Go Away Little Girls
Sometimes the right thing happens for all the wrong reasons. This may be the last Christmas that little girls get Bratz dolls from Santa. Judge Steven Larson has ruled that Bratz dolls must be removed from the market.
If you have problems with Barbie, you haven’t seen anything yet. Statuesque Barbie, in the style of a 1950’s fashion illustration, has measurements that would make a Miss Universe contestant weep, is more than 50% leg, and has a tiny little pinhead. Back in the day, feminists worried that she would give our daughters an unrealistic body image.
Unrealistic body image is the least of the worries about the Bratz girls. Of indeterminate age, but targeted to the three- to eight-year old market, they are short, with a tiny waist, wide hips, and thrusting adolescent breasts. Imagine a risque cartoon of Dolly Parton as a fourth grader and you’ll begin to grasp the shape. Now put on an over-sized head with a little girl’s face, featuring huge, heavily kohl-lined eyes and Angelina Jolie lips puckered into a sensual pout. Top it off with enough hair to make Rapunzel look like a naked mole rat. Finally, dress this disturbing figure in clothing that can only be described as streetwalker chic. Bodices are off the shoulder with midriffs revealed, pants are low slung and skintight, skirts stop at the pantie line above fishnet stockings and are accessorized with thigh high platform boots. Finish off the wardrobe with a selection of evening gowns that would make a Los Vegas showgirl look demure.

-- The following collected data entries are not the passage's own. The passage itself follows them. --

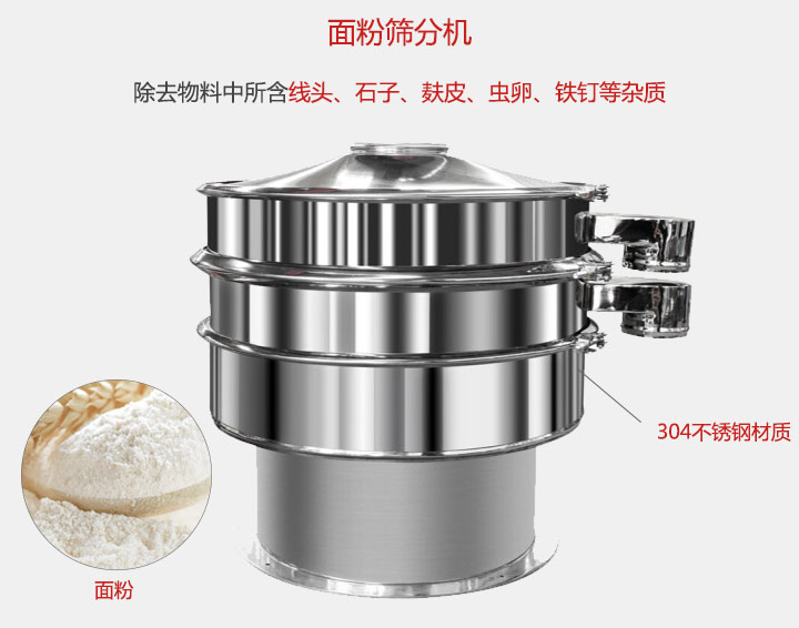 面粉筛分机广泛用于:颗粒染料,面粉,石粉,树脂粉,桃汁,金属粉末 ,钨粉,玉米,碎石粉,石英砂。
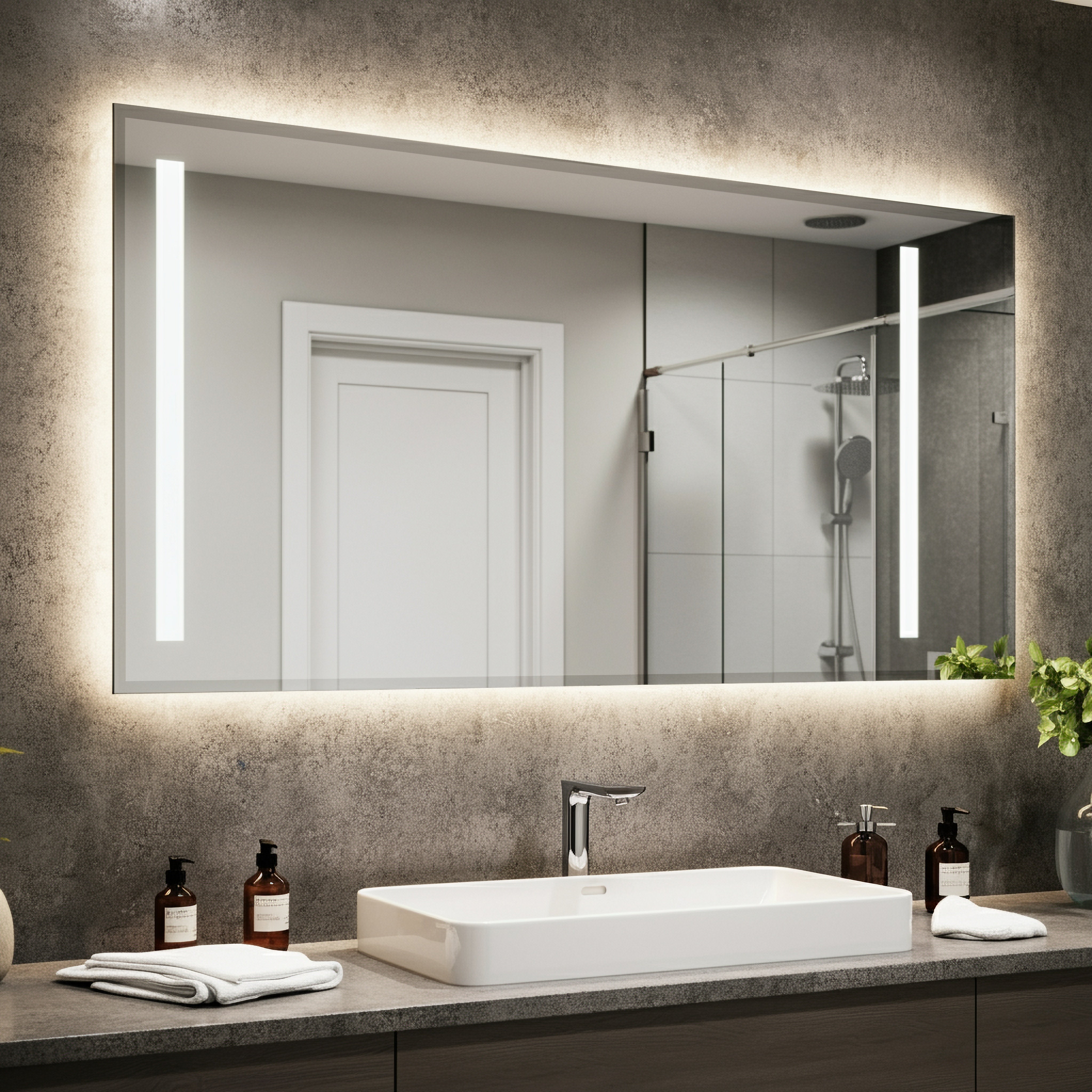 Large Bluetooth LED Bathroom Mirror with Lights+RGB Backlit Anti Fog Vanity Mirror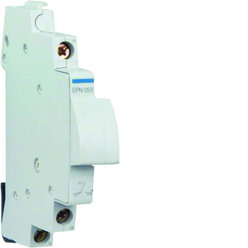 Marque: HagerRéférence: EPN053EAN: 3250612360574Emballage: 1Description: Auxiliaire télérupteur pour contact maintenue 24 à 230V 1/2MDO.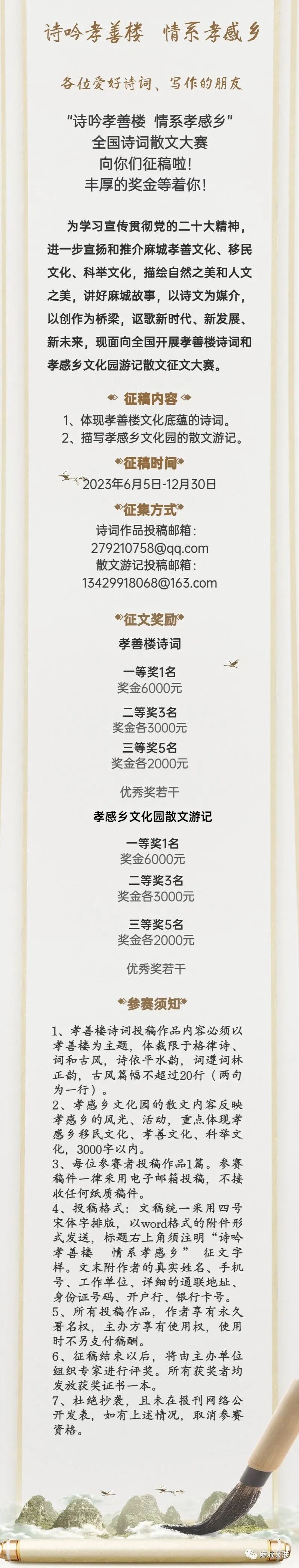 “诗吟孝善楼 情系孝感乡” 全国诗词散文大赛等你来~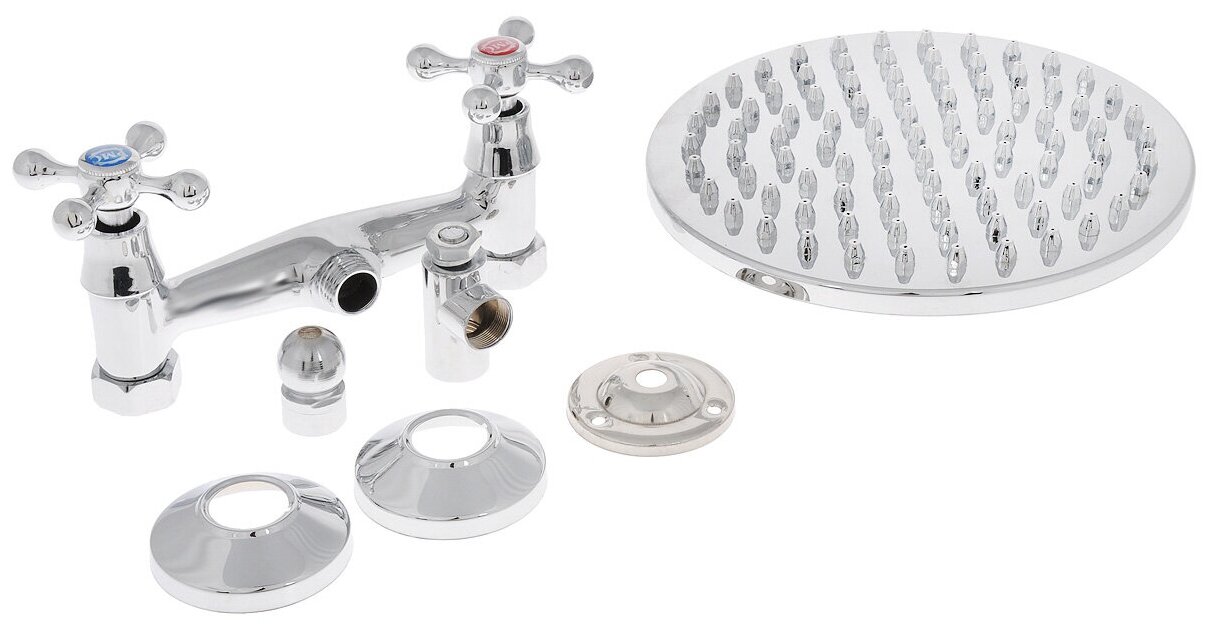 | Комплект поставки | смеситель; верхний душ; душевая штанга; эксцентрики; отражатели; крепление к стене |

I look at these dolls and wonder what kind of people make, sell, and purchase toys that sexualize prepubescent children and create personalities for them with "extreme super cool attitudes" that would make most rock stars seem like reserved young ladies.

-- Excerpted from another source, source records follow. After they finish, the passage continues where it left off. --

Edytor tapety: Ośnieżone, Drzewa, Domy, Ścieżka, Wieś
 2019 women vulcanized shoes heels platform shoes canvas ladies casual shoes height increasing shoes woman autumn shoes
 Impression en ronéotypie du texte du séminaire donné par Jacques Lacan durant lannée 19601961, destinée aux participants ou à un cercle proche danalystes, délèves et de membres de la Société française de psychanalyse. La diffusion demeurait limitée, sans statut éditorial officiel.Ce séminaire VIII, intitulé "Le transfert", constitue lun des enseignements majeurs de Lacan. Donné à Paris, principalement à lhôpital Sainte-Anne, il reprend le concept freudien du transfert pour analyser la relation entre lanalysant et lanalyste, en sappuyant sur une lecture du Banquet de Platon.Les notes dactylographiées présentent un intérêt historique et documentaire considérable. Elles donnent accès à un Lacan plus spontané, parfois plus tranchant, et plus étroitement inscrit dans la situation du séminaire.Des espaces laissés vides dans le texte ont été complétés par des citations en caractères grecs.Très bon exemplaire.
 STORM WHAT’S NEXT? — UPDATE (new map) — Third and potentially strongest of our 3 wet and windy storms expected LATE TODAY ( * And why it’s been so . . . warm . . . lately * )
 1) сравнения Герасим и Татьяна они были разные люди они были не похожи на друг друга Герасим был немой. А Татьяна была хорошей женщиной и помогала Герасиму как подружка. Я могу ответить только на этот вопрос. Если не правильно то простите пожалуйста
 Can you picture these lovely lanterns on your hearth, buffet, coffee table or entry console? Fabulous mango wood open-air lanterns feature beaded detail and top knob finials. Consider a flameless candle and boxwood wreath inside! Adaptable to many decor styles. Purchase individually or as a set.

Well, the Bratz are out of business, at least for now, but for all the wrong reasons. It seems that the Bratz babes were making moves on Barbie’s fashion doll turf and putting the smackdown on her ability to turn business on the fashion doll street. Barbie is a frumpy old hen compared to these hot chicks who have not just lunch boxes; but a TV show, a movie, albums, and websites among their merchandising arsenal. Mattel isn’t happy about sharing their corner with the new girls on the block, so they have sued MGA, manufacturer of Bratz, and won. The designer who conceived the dolls was employed by Mattel, owner of Barbie, when he began developing the Bratz. A California judge found their claim of ownership of the "intellectual property" of the Bratz dolls convincing. (Just for the record, I'd like to say that to call this intellectual property is an oxymoron, but then again, I don't understand exactly how LA Grand Theft Auto became a "game" for suburban kiddies in Kansas either.)

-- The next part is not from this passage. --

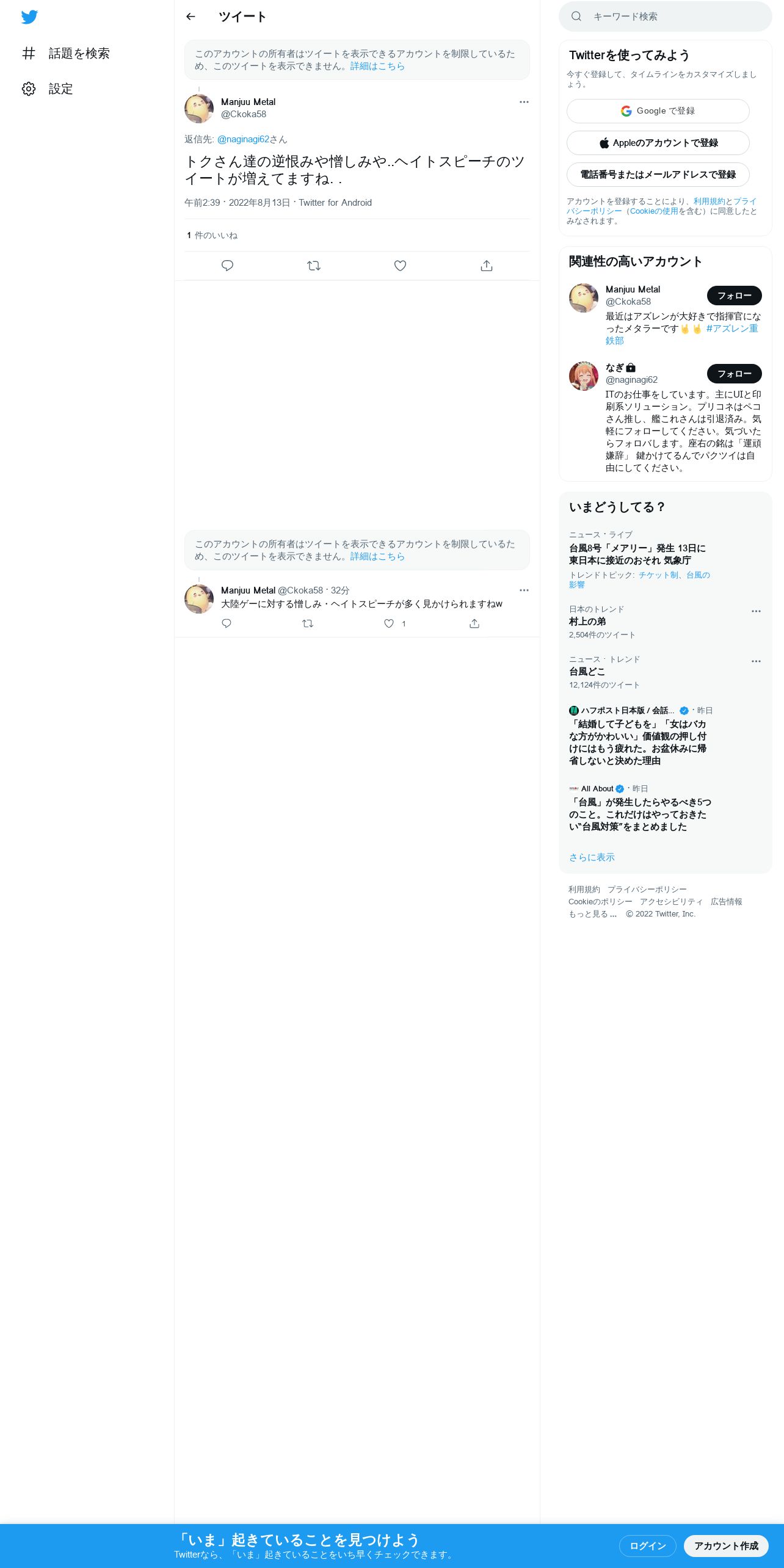 取得元URL: https://twitter.com:443/Ckoka58/status/1558282025215225856
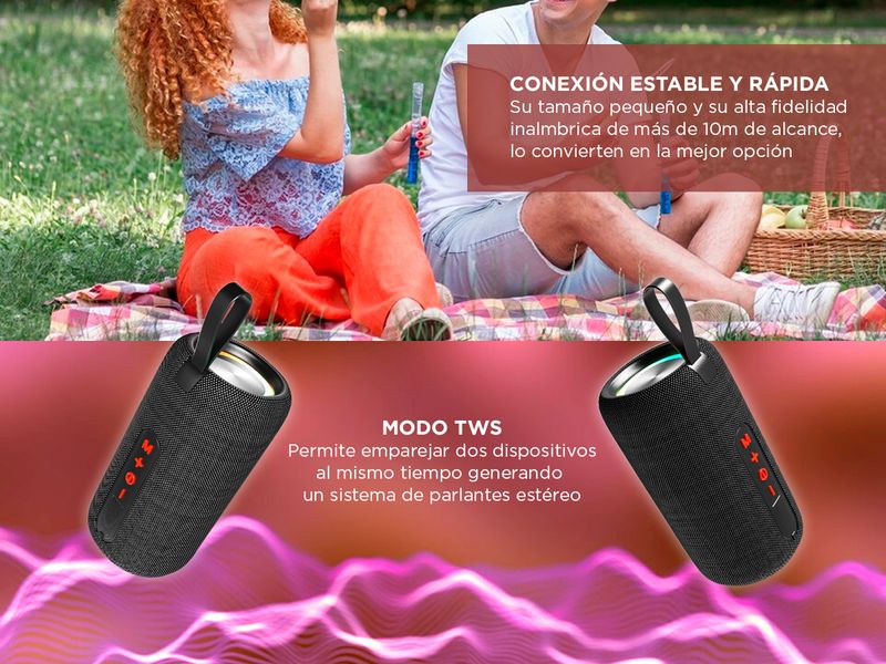 La tecnología TWS permite conectar dos parlantes de forma inalámbrica para crear un sonido estéreo inmersivo. Además, el parlante está equipado con luces RGB, añadiendo un toque visual atractivo a la experiencia auditiva.

Which saddens me most? That our culture tolerates this kind of toy? That parents are purchasing these for things their daughters and sons? That years of work for women’s equality has been distorted into this idea of what feminism is? That crime is victimless? That it’s worth millions of dollars in legal fees to fight not over whether the dolls should be sold, but rather over who will profit from the sale? That parents need a warning label that a game about stealing cars might not be appropriate for their child?
At the risk of being a Grinch, I’d like climb down chimneys and gather up all of these dolls, grab all the Grand Theft Auto games, and a lot of other video games while I was at it. If the Whos down in Whoville had nothing left under their Christmas trees at that point, then shame on those Who parents. I’d leave notices behind from Santa’s Workshop stating,
Dear Children, Santa enjoys granting wishes and providing toys, but Santa doesn’t do things that harm children. I would love to bring nice toys such as American Girl dolls, Tonka trucks, Fisher Price playsets, Legos, and puzzles and board games, because these toys encourage children to be children. But Santa doesn’t deal in trashy toys, so if you wanted a Bratz doll or the Grand Auto Theft video game you will need to submit your wish list to the manufacturers’ representatives. However, my Little Ones, you may discover that, unlike Old Santa, these people don’t deal in bringing joy to good little girls and boys. They are only interested in lining their own pockets; and if that means peddling commercialism, sex, violence, and greed to the next generation they have no compunction about doing so. This is because they are naughty, not nice people and your parents ought to know better than to give them access to your minds.
Merry Christmas, Happy Hanukkah, Joyful Kwanzaa, and Peace on Earth to All Men, Women and Children of Goodwill.